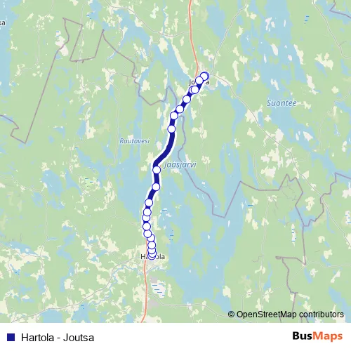 Additional information: Hartola - Joutsa has 22 stops and the total trip duration for this route is approximately 35 minutes.
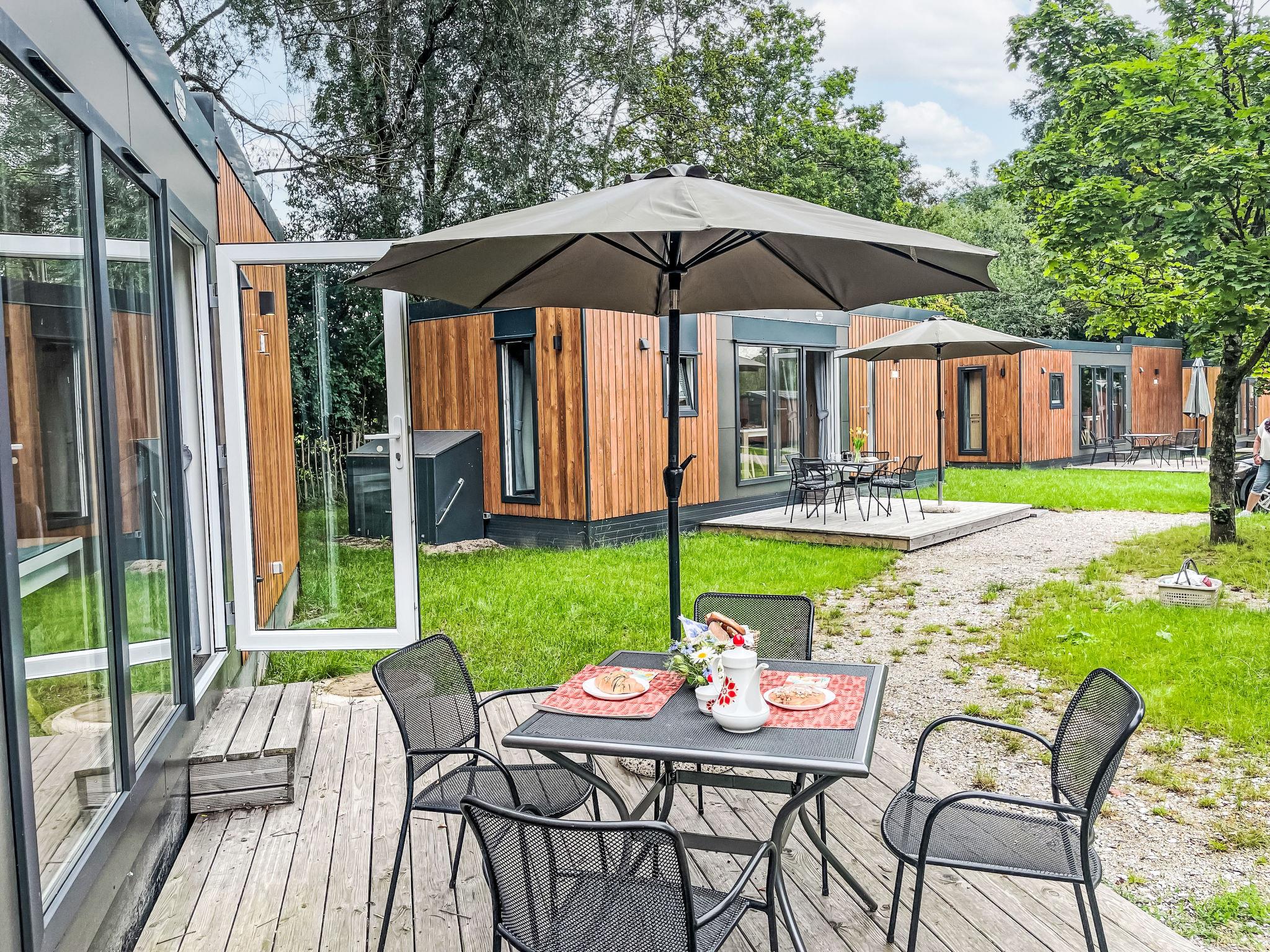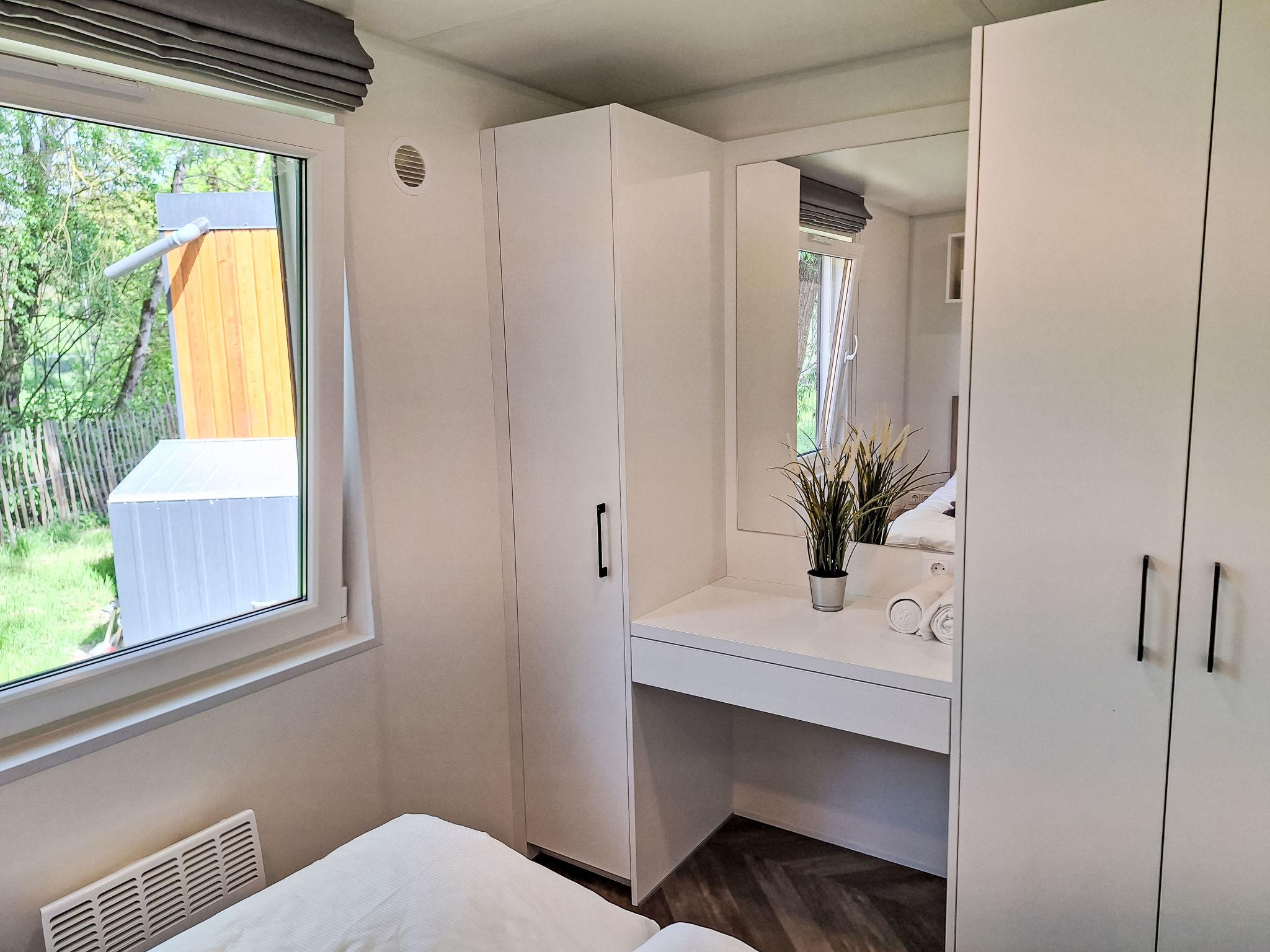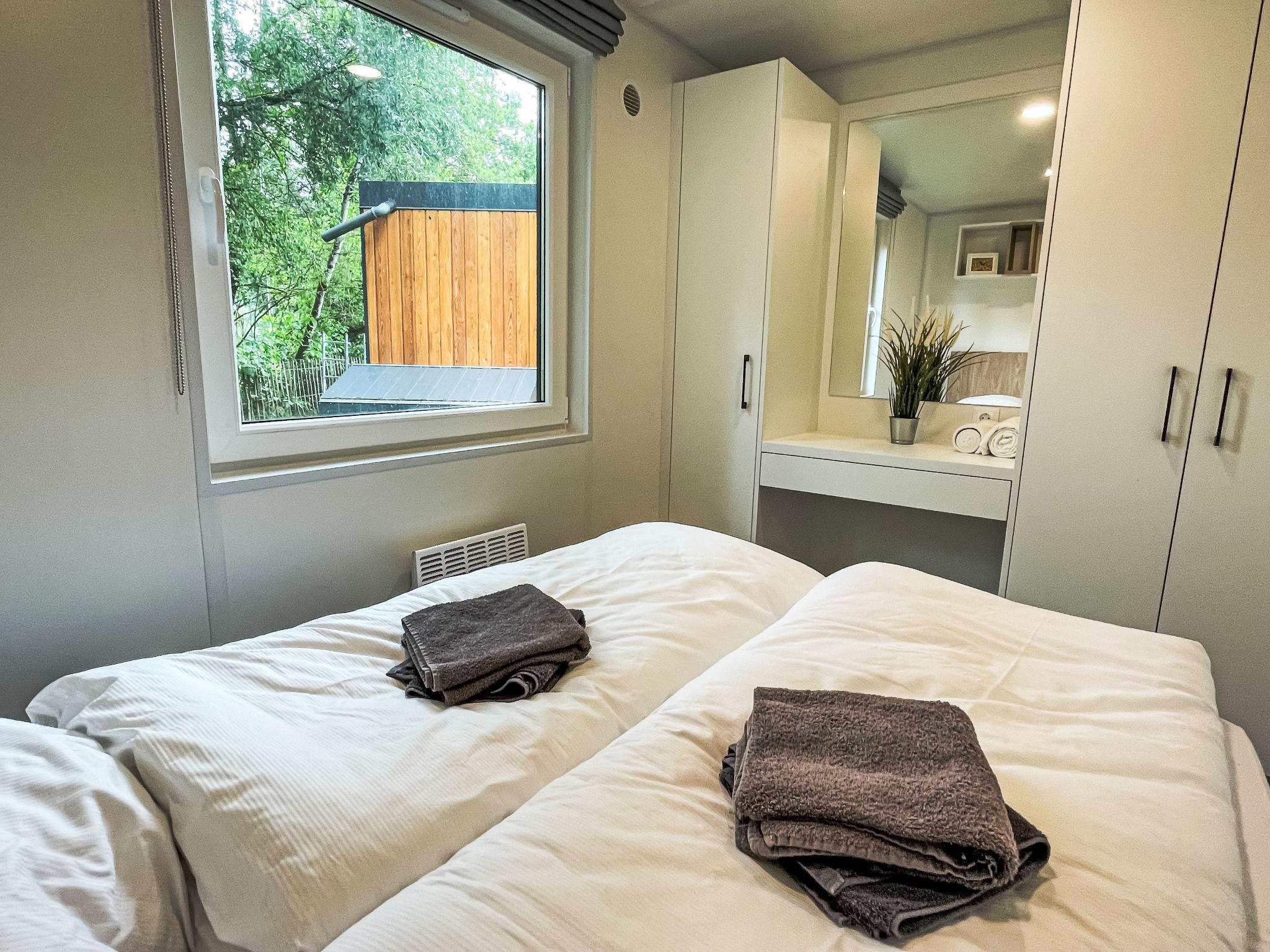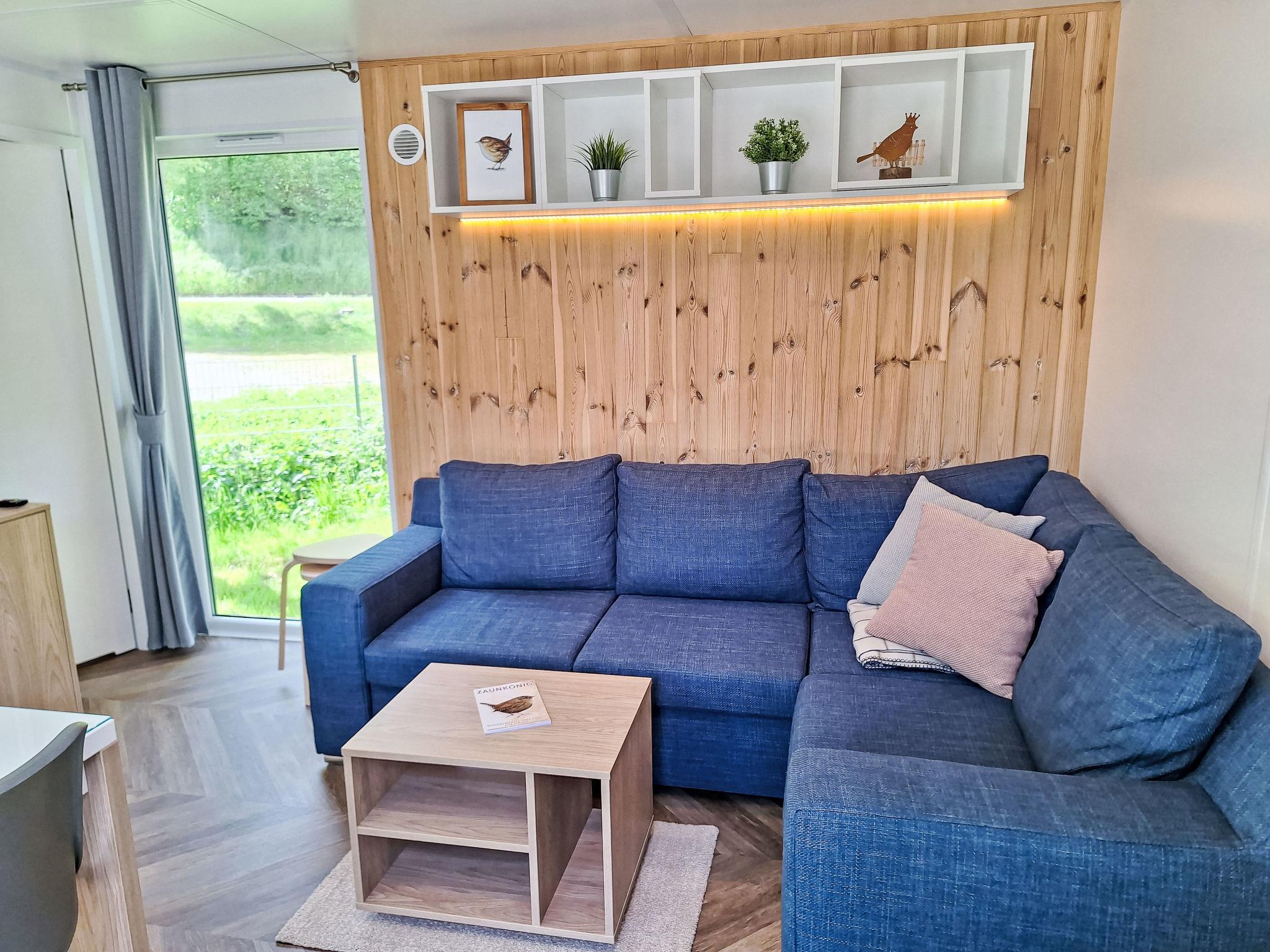 "Tiny Haus Zaunkönig", 3-room mobile home 32 m2. Cosy furnishings: living/sleeping room with (120 cm, length 170 cm), satellite TV. Exit to the terrace. 1 room with 1 french bed (140 cm, length 190 cm). 1 room with 2 beds (70 cm, length 190 cm). Open kitchen (4 ceramic glass hob hotplates, kettle, freezer, electric coffee machine). Shower, sep. WC. Electric heating. Small terrace. Terrace furniture. Parking at the house. Please note: non-smoking house.
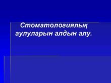 Стоматологиялық аулуларын алдын алу Тақырып Мамандыққа кіріспе
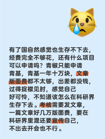 最终,科研人不得不面对“基金资助覆盖不了实验成本”的尴尬现实。更令人无奈的是,为了提升中标率,申请者需提前投入大量资金开展预实验,一旦申请失败,这些投入便成为“沉没成本”。有青椒坦言:“我每月工资不到1万,但预实验已经自费花了十几万,压力大到失眠。”
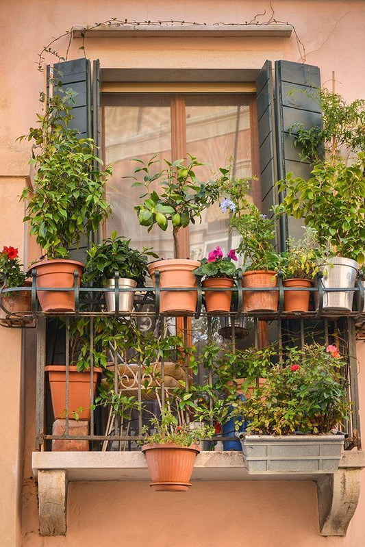 Italian Window Flowers III White Modern Wood Framed Art Print with Double Matting by DeNardo, Laura

» **TASK OBJECTIVE**
Can you quote exactly, and only, the lines from the one containing "note: non-smoking house." through the last line of the records above, keeping both ends and leaving out any pictures?

» **RESULT**
 "Tiny Haus Zaunkönig", 3-room mobile home 32 m2. Cosy furnishings: living/sleeping room with (120 cm, length 170 cm), satellite TV. Exit to the terrace. 1 room with 1 french bed (140 cm, length 190 cm). 1 room with 2 beds (70 cm, length 190 cm). Open kitchen (4 ceramic glass hob hotplates, kettle, freezer, electric coffee machine). Shower, sep. WC. Electric heating. Small terrace. Terrace furniture. Parking at the house. Please note: non-smoking house.
 Стоматологиялық аулуларын алдын алу Тақырып Мамандыққа кіріспе
 最终,科研人不得不面对“基金资助覆盖不了实验成本”的尴尬现实。更令人无奈的是,为了提升中标率,申请者需提前投入大量资金开展预实验,一旦申请失败,这些投入便成为“沉没成本”。有青椒坦言:“我每月工资不到1万,但预实验已经自费花了十几万,压力大到失眠。”
 Italian Window Flowers III White Modern Wood Framed Art Print with Double Matting by DeNardo, Laura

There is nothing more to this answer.